The instructional materials reviewed for Big Ideas Math: Modeling Real Life Grade 8 partially meet expectations that the instructional materials prompt students to construct viable arguments and analyze the arguments of others concerning key grade-level mathematics. 

“You be the Teacher” found in many lessons, presents opportunities for students to critique the reasoning of others, and construct arguments. For example: 

• Chapter 1, Lesson 1, Problem 31, You Be the Teacher, “Your friend solves the equation. Is your friend correct? Explain your reasoning.” The student work is provided to examine. 
• Chapter 2, Lesson 3, Problem 12, You Be the Teacher, “Your friend describes a sequence of rigid motions between the figures. Is your friend correct? Explain your reasoning.” The student work is provided to examine. 
• Chapter 5, Lesson 3, Problem 15, You Be the Teacher, “Your friend solves the system. Is your friend correct? Explain your reasoning.” The student work is provided to examine. 

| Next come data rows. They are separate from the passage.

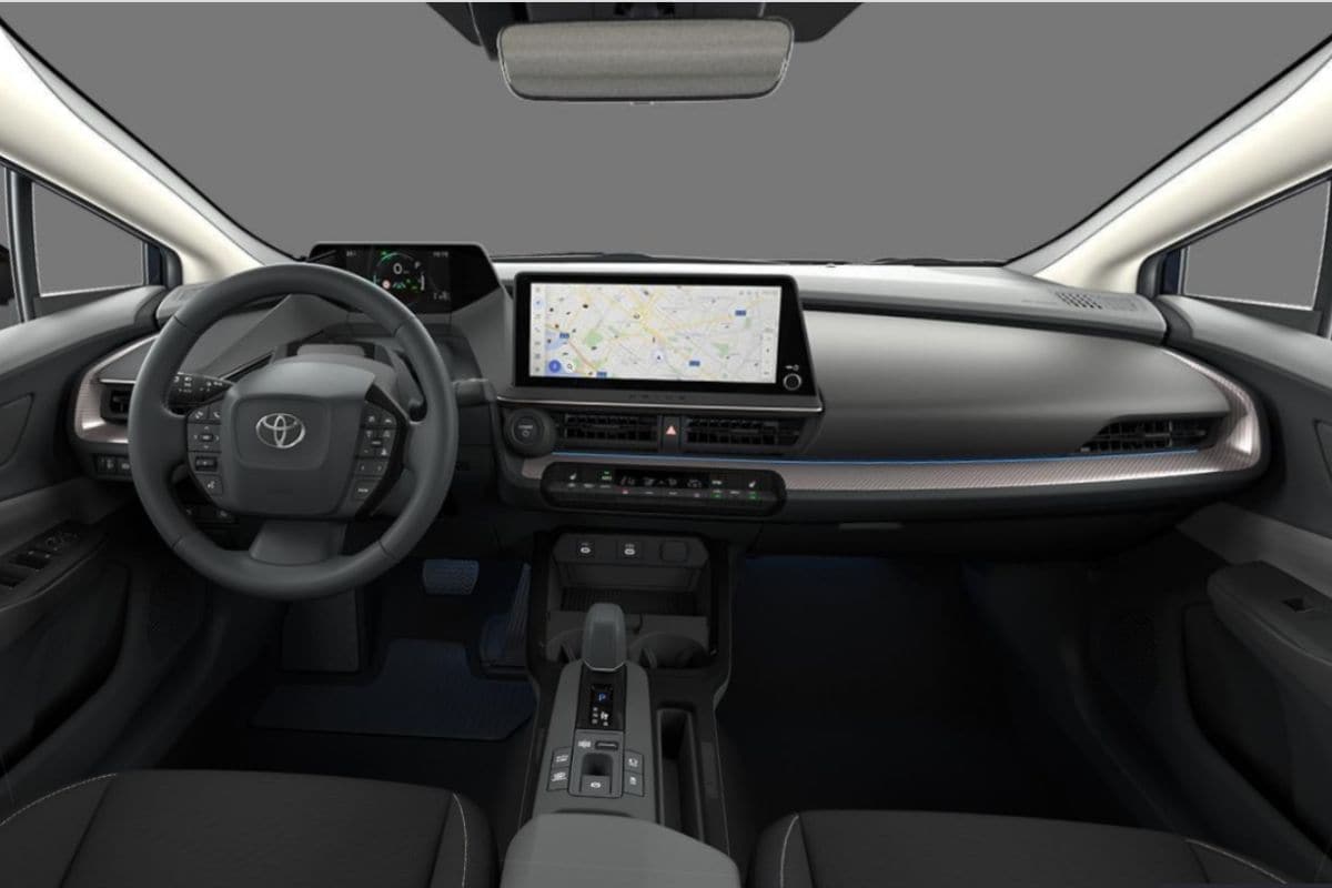 Binnenin de Toyota Prius word je er evenmin continu aan herinnerd dat je voor de basisuitvoering bent gegaan, want erg basis is het niet. In tegendeel. Je vindt er weliswaar geen luxe lederen bekleding of opvallend chic afgewerkte panelen, maar een uit de kluiten gewassen infotainmentscherm, met verschillende materialen afgewerkt dashboard en keurige stoelbekleding met een contrasterend biesje zijn altijd aanwezig. Zelfs een ledstripje sfeerverlichting mag er gewoon zijn; het binnenste van de meest luxe en net geen €9.000 duurdere uitvoering (de Solar Edition) toont - behoudens de bekleding - zelfs geen verschillen.
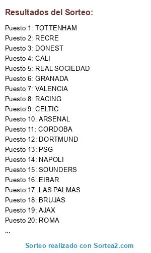Lista de participantes: DONEST, LIVERPOOL, ROMA, VALENCIA, GRANADA, UNITED, SOUNDERS, AJAX, RACING, REAL MADRID, RECRE, SOUTHAMPTON, DEPOR, DORTMUND, REAL SOCIEDAD, EVERTON, CALI, OPORTO, NAPOLI, LAS PALMAS, ALCORCON, BARCELONA, RAYO VALLECANO, BRUJAS, CORDOBA, VILLARREAL, TOTTENHAM, PSG, ARSENAL, CELTIC, ANGELES GALAXY, EIBAR.
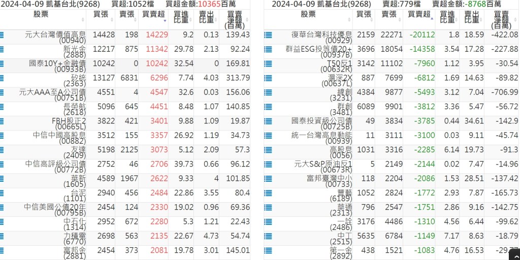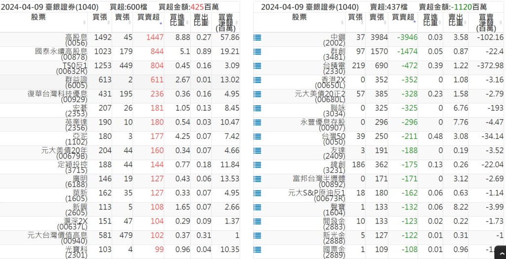 2024-0409關鍵券商買賣超 2024-04-09 股狗網小編 籌碼面每日資訊 發表留言 關鍵券商買賣超: 臺銀證券(1040): 台灣摩根士丹利(1470): 凱基台北(9268): 凱基信義(9216): 元大土城永寧(9875): 康和永和(845B) : 富邦建國(9658): 免責宣言 本網站文章所提供資訊僅供參考,並無任何推介買賣之意,投資人應自行承擔交易風險。 分享此文: 分享到 X(在新視窗中開啟) X 分享到 Facebook(在新視窗中開啟) Facebook 喜歡 正在載入...

The Student Edition labels Standards of Mathematical Practices with “MP Construct Arguments,” however, these activities do not always require students to construct arguments or analyze arguments of others. In the Student Edition “Construct Arguments” was labeled once for students and “Build Arguments” was labeled once for students.  Examples of missed opportunities include the following:

• Chapter 4, Lesson 2, Exploration 1, Construct Arguments is identified in the Math Practice blue box with the following question, “Do your answers to parts (b) and (c) change when you draw △DEF in a different location in part (a)? Explain.” 
• Chapter 7, Lesson 1, Exploration 2, Construct Arguments is identified in the Math Practice blue box with the following question, “How does the graph help you determine whether the statement is true?” 

Chapter 8, Lesson 1, Exploration 1, Build Arguments is identified in the Math Practice blue box with the following questions: “When is the value of (-3)n positive? Negative?”

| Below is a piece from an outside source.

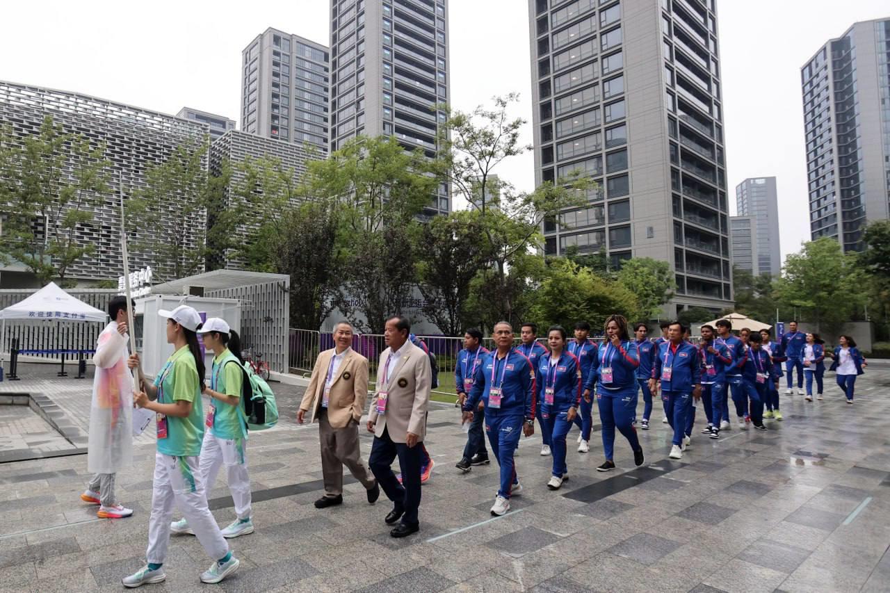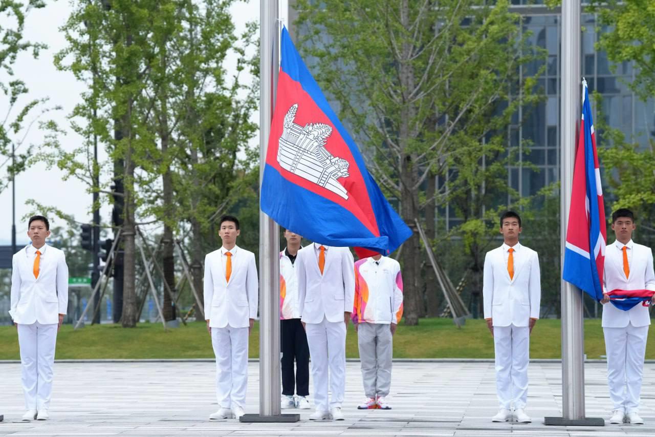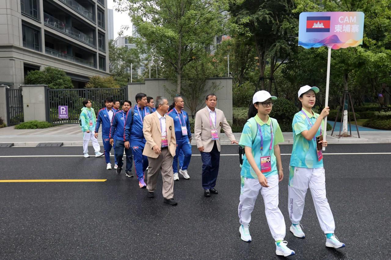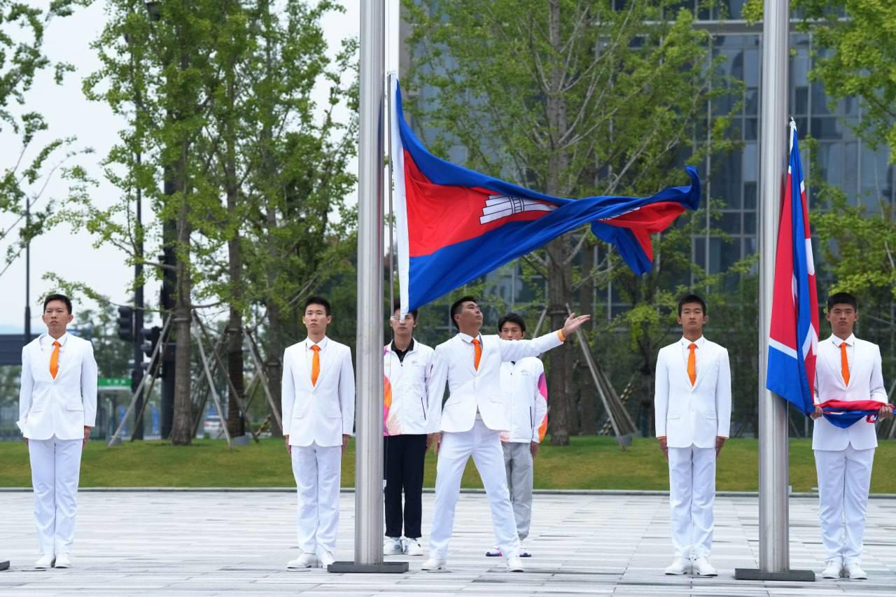 លោក វ៉ាត់ ចំរើន បានឲ្យដឹងពីទីក្រុង Hangzhou នៅព្រឹកថ្ងៃសុក្រនេះថា ដើម្បីបញ្ជាក់ពីការទៅដល់ភូមិកីឡា ក៏ដូចជាទីតាំងប្រកួត ព្រឹកនេះ ប្រតិភូកីឡាជាន់ខ្ពស់កម្ពុជា បានរៀបចំពិធីបង្ហូតទង់ជាតិរបស់ខ្លួន ជាមួយបណ្ដាប្រទេសផ្សេងៗនៅភូមិកីឡា ដោយអនុវត្តពិធីបង្ហូតទង់ជាតិ ចំនួន ៦ប្រទេសម្ដង ខណៈកម្ពុជា ត្រូវបានប្រារព្ធពិធីបង្ហូតទង់ជាតិ ជាមួយ ៥ប្រទេសផ្សេងទៀត រួមមានប្រ៊ុយណេ ថៃ កូរ៉េខាងជើង ឆាយនីសតៃប៉ិ និងប្រតិភូកីឡាប៉ាឡេស្ទីន ។

The instructional materials reviewed for Big Ideas Math: Modeling Real Life Grade 8 partially meet expectations that the instructional materials assist teachers in engaging students to construct viable arguments and analyze the arguments of others concerning key grade-level mathematics. 

There are some missed opportunities where the materials could assist teachers in engaging students in both constructing viable arguments and analyzing the arguments of others. For example:

• In Chapter 2, Lesson 5, Example 2 students are shown how to dilate a figure and identify it. Laurie’s Notes identifies MP3, prompting teachers to ask, “How do you think the perimeters of the two triangles compare? Explain.” “How do you think the areas of the two triangles compare? Explain.” Neither of these questions allow students to construct viable arguments or critique the reasoning of others because the work and explanations are given to the students. 
• In Chapter 4, Chapter Exploration, Laurie’s notes, identifies MP3 and prompts teachers to “listen to and discuss students' responses to the generalizations in parts (e) and (g)”. 
• Chapter 8, Lesson 7, Example 2, students multiply using scientific notation. Laurie’s Notes identifies MP3 and  prompts teachers to “Make sure that students realize that the Commutative and Associative Properties allow this to happen. The Product of Powers Property is used to multiply the powers of 10.”